--- TASK INPUTS Enclosed Below ---

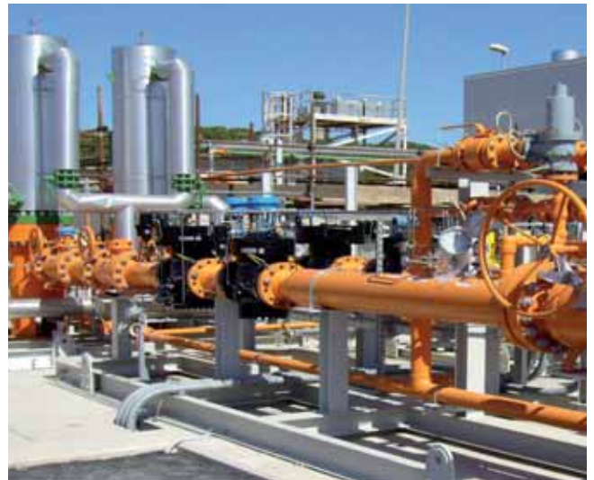
Gas Treatment System Gas Power Plant, Italy

Pressure Reducing and Metering Stations as natural gas is usually transported highly pressurized through pipelines, it needs to be conditioned before it is delivered to the final consumer. Metano Impianti is keen to propose the most advanced alternatives to fulfil the clients' requirements.
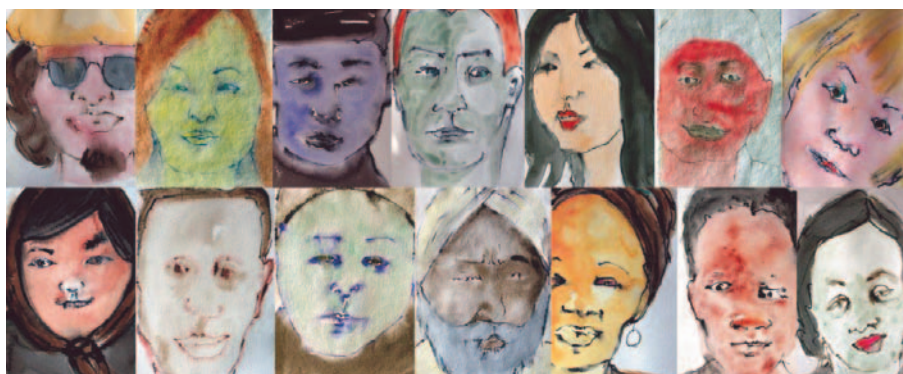
Images from the 'Welcome Strangers' Exhibition.

The work of Glencree in Haiti focuses on bringing all the players of influence in the poverty stricken slum areas together for dialogue and for creating a future for those who live there. This includes gang leaders, churches, community workers, politicians and business leaders. The training of local people to facilitate this difficult dialogue is part of the legacy strategy of this work so that when we leave the work can be continued locally. This empowerment of local community leaders is at the core of the Glencree International work. We recognise that in order to break the violence/poverty cycle, economic development is essential and we are working with Concern and the business community to create micro projects in the area.
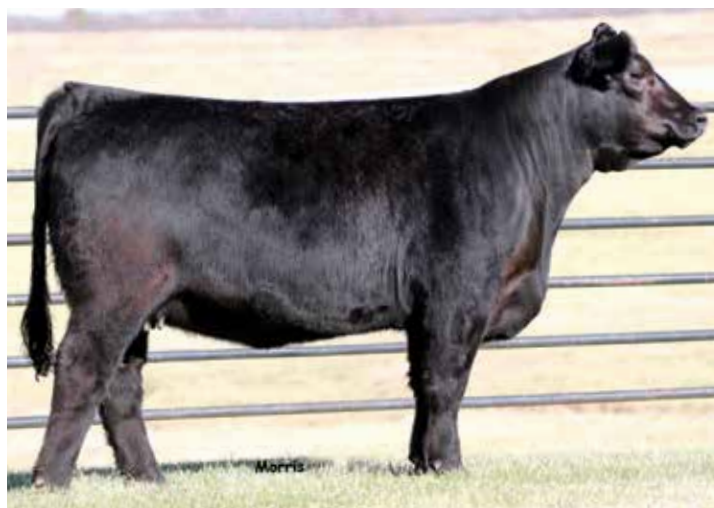
AUTO AJAY 206A | Dam of Lot 69

This 54% Lim-Flex is a proven show champion as she was named reserve division at the recent Denver National Limousin Show. She is a daughter of MAGS Aviator, the exciting son of MAGS Winston. Her dam is P Bar S Ranch owned donor and prolific producer, AUTO Ajay 206A. She is a daughter of SAV Brave and from the famed MAGS Manuela. This show heifer and future donor has a proven pedigree, but just as importantly, she is made darn near perfect in her conformation. We
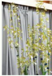
5. Cattleyas – Novelty or Cluster 1 st . E. Mary Motes x Bees Knees Haase K
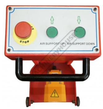
Pneumatic Sheet Support and Emergency Stop on Mobile Foot Control
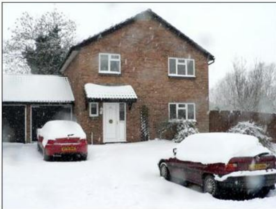
Is your property ready for winter?
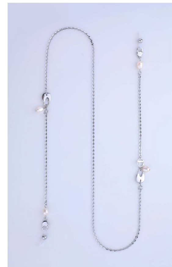
CH-132 Belgravia Silver
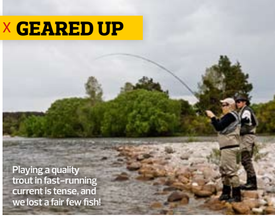
Playing a quality trout in fast-running current is tense, and we lost a fair few fish!

Owen River Lodge can supply most of the gear you'll need, including quality waders, wading boots and an abundance of local flies. One of the symptoms of a fishing addiction though, is the compulsive acquisition of gear. Most anglers will come stocked with gear of their own. We took:
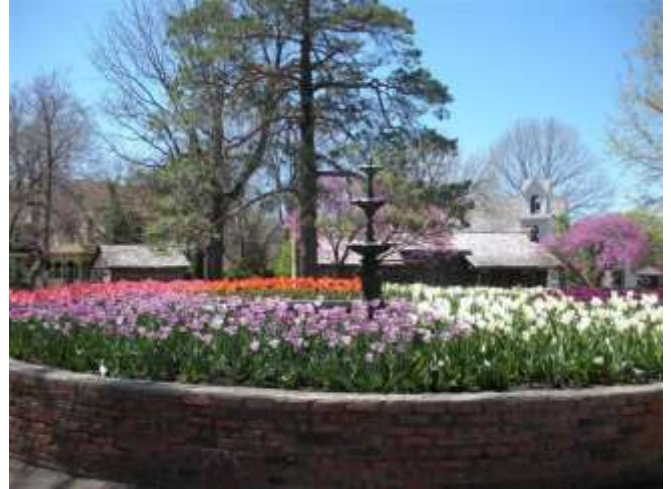
The fountain wasn't running, but the tulips were beautiful at Tulip Time at Old Prairie Town.
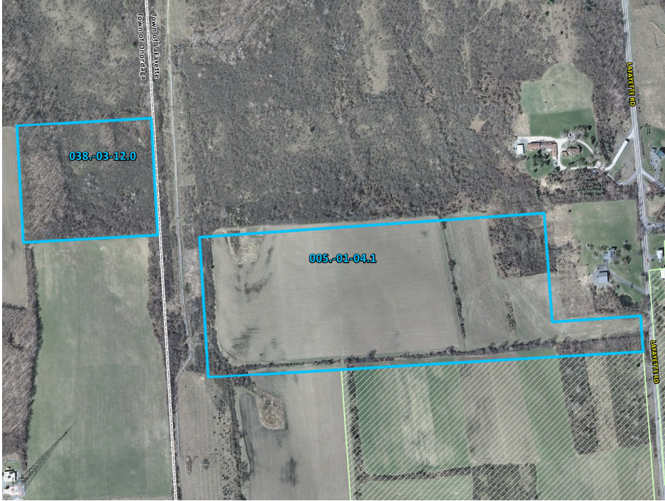
Town of LaFayette parcel 005.-01-04.1 and Town of Onondaga parcel 038.-03-12.0. Parcels currently in an Ag District are hatched.

--- End of Enclosed TASK INPUTS ---

WHAT TO PRODUCE. Extract, from the listing above, every line where the string "running" occurs.

REPLY.
Playing a quality trout in fast-running current is tense, and we lost a fair few fish!
The fountain wasn't running, but the tulips were beautiful at Tulip Time at Old Prairie Town.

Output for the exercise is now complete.